A gasket, O-ring, silicone weld, rhino liner or seal 308 runs around the area of the joint, with one or more loops 310 being located inside the joint, in order to seal the insides of the joint to a matching partial depth joint which has a matching number of openings designed to allow the loops to go through them and be secured with a pin 806. Referring to FIG. 8, we see the outside joint 304 in detail. Matching side 802 has the openings, so that when the side with the loops is placed against it, the loops 310 go through the openings. Sealing and mechanical securing is accomplished by the insertion and rotation of a pin 806.

The cross section shows one embodiment in which the shape of the pin 806 is elliptical within a circular opening in the loop 310. Thus, rotation of the pin allows pressure of the seal(s) to each other. Other implementations may include screws/nuts, and any other suitable mechanical pressure means. Additionally, welding of one or more of the pins, or securing via separate mechanical means (like a latch) may be used. In an alternate embodiment, the panels may be designed so that all the latches are on the outside or a combination. A design with all of them internally is preferred, for vandalism minimization reasons.

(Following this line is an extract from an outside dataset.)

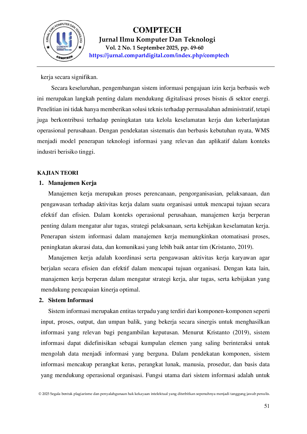 COMPARTDIGITALCOMPARTDIGITAL Namun, proses perizinan kerja yang masih dilakukan secara manual menimbulkan sejumlah permasalahan seperti keterlambatan persetujuan, miskomunikasi antarNamun, proses perizinan kerja yang masih dilakukan secara manual menimbulkan sejumlah permasalahan seperti keterlambatan persetujuan, miskomunikasi antar

Note that while the gasket 308 is shown on the side with the loops, in alternate embodiments they may be located on either the joint side with the loops, the slits or both. Similarly, the sealing function of the gasket may be accomplished with a grooved facet, allowing the use of an O-ring arrangement. The gasket, seal or O-ring may also be manufactured from such polymers, silicone, natural or synthetic rubber, leather, etc. More information on proper O-ring materials and design can be found on the Parker O-Ring Handbook (ORD 5700) the contents of which are incorporated herein by reference.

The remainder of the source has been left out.